Not only new companies but also established jeans makers like Levi's and Polo Jeans, a division of Polo Ralph Lauren, have been revving up the men's fashion component in hopes of capturing a piece of the emerging high-end market. Polo introduced pants last fall that offered consumers denim with cross-hatching, herringbone stripes or elaborate finishes. Polo is also the company behind baked jeans.
Most men's jeans will not put the same premium on wild sexiness that some women's lines do, but they are venturing into new territory like very low-rise models designed with a tight fit and a waistband that rides several inches below the navel, a la Jim Morrison. Jeans makers also try to make a statement by using the highest-quality denim, which comes from Japan, and hand-sanding the denim around the knees or crotch.
In addition, they are offering the latest "washes" -- chemical processes that give the fabric unusual shades or textures.
"Regular guys are really getting into denim," said Bridget Russo, a spokeswoman for Diesel, an Italian company that has become a fashion leader in men's denim. "They can talk about it for days."
Diesel started selling jeans in the US in 1996, and last year it had sales of US$93 million here, roughly 60 percent from men. "It is like a status thing," Russo said. "Like cool limited-edition sneakers."
Still, men seem to have a limit to how stylish they want their jeans to be. Diesel, Russo said, has won a following among men 14 to 40 with innovative styles like Rabox, a low-waist jean with flared lower legs and an extended-tab waistband worn by guys who want to be like Brad Pitt, who owns a pair. But she says the company's most popular styles have straight legs and fancy washes that essentially amount to "a worn-in look."

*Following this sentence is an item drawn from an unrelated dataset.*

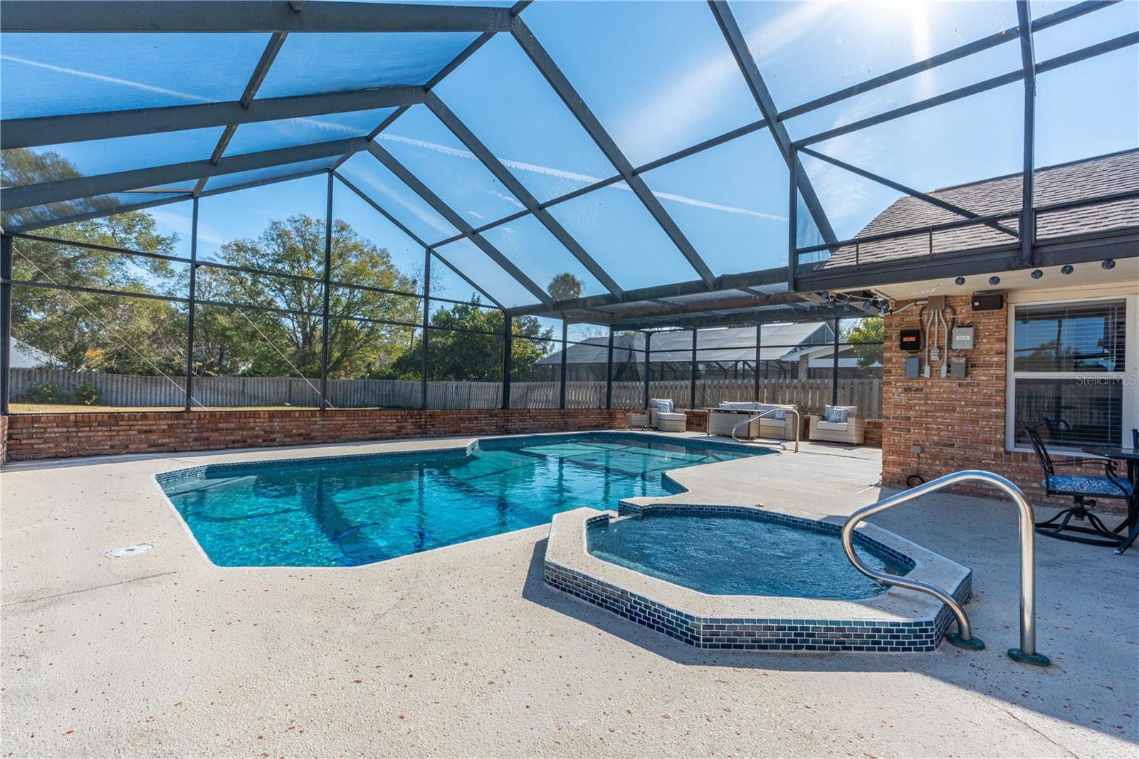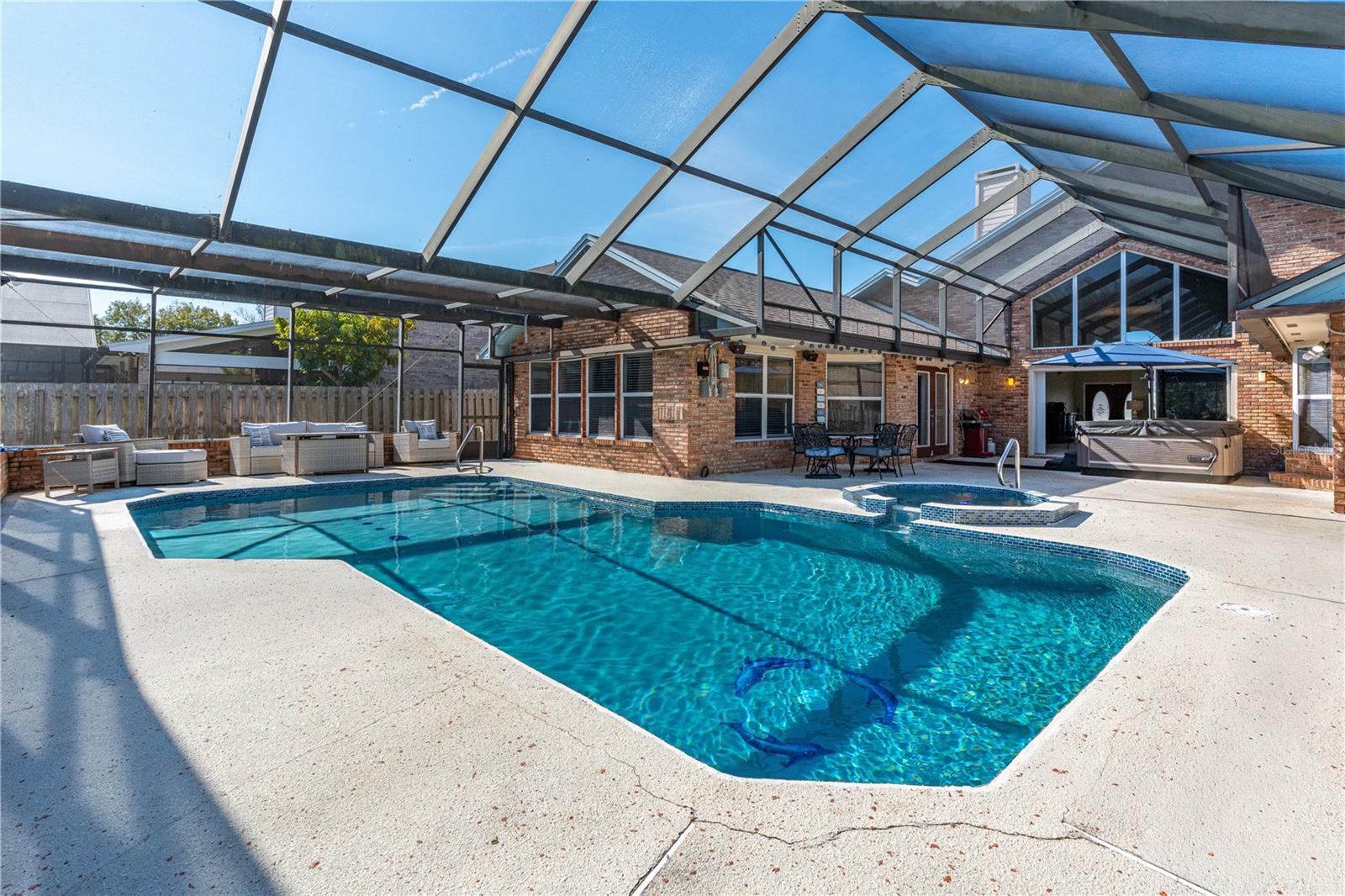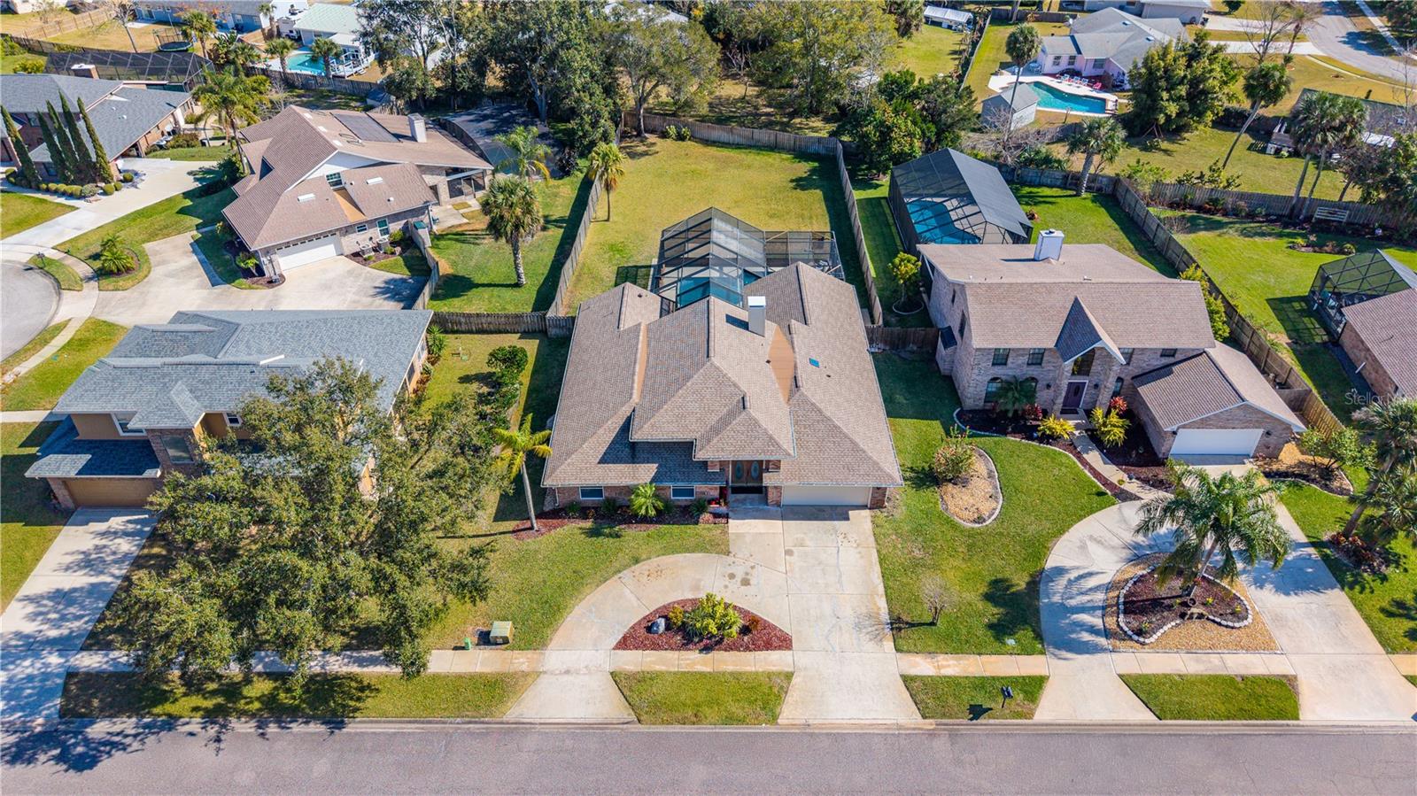 Situated on a generously sized, fully fenced lot in the established Countryside community of Hunt Club, this well-appointed all-brick home offers privacy, flexibility, and refined Florida living. The residence features 4 bedrooms, 2 full baths, 1 half bath, plus 1 additional flex room ideal for a bedroom, office, or play space. The primary suite includes walk-in closets, a spacious ensuite bath, and direct access to the screened pool and patio. Two separate living areas provide versatility, one highlighted by a fireplace, while tall ceilings and abundant natural light enhance the open feel. The turnkey kitchen features quartz countertops, ample cabinetry, and seamless flow for entertaining. Outdoor living shines with a screen-enclosed pool and expansive backyard. Additional features include an interior laundry room, circular driveway, and oversized two-car garage. Conveniently located near shopping, dining, and major roadways. BEST SCHOOL ZONE

The best part of high-technology jeans, from the perspective of manufacturers and retailers, is that consumers seem to be willing to pay up -- way up -- for them. Sales of jeans that cost US$75 or more nearly doubled in 2001, to reach about US$250 million, according to NPDFashionworld.
Building on a niche
Though the category still amounts to less than 3 percent of yearly adult jeans sales and is almost certainly driven by growth of expensive women's jeans, sellers of men's products say men are sure to follow. Men's jeans in Europe, where the current denim fashion started, have long sold in the three-figure price range.
"It is a whole new price point acceptance," said Ross Klein, senior vice president for corporate marketing for Polo Jeans. His company's jeans, he explained, typically sell for US$39 to US$49, but fashion jeans start at US$79 and go to US$130. "When we present real innovation, we have no problem selling through at the high prices," he said.
Those sales are being made not just at elite stores like Saks Fifth Avenue and Bergdorf Goodman, but also at mid-price department stores like Macy's, Bloomingdale's and Nordstrom. "There is not any price resistance," said David Fischer, senior vice president at Bloomingdale's, a unit of Federated Department Stores. "After all," he contended, "US$100 or US$150 is not out of anyone's reach."
The next step will be to introduce fashionable men's jeans to a broader market by pricing them slightly lower than the high end but well above the mass market. At the end of 2000, Levi's introduced a Premium red tab line of jeans that are selling for US$85 to US$125 at high-end stores. Levi's sees this line as a way to skim the cream off the market and as a testing ground for somewhat less expensive models.
"We are taking the lesson on what sells at premium and quickly getting a version down to mass -- within six months for women and 12 months for men," said Jeff Beckman, a company spokesman. "This fall you are going to see Levi's low-rise at Sears and JC Penney's."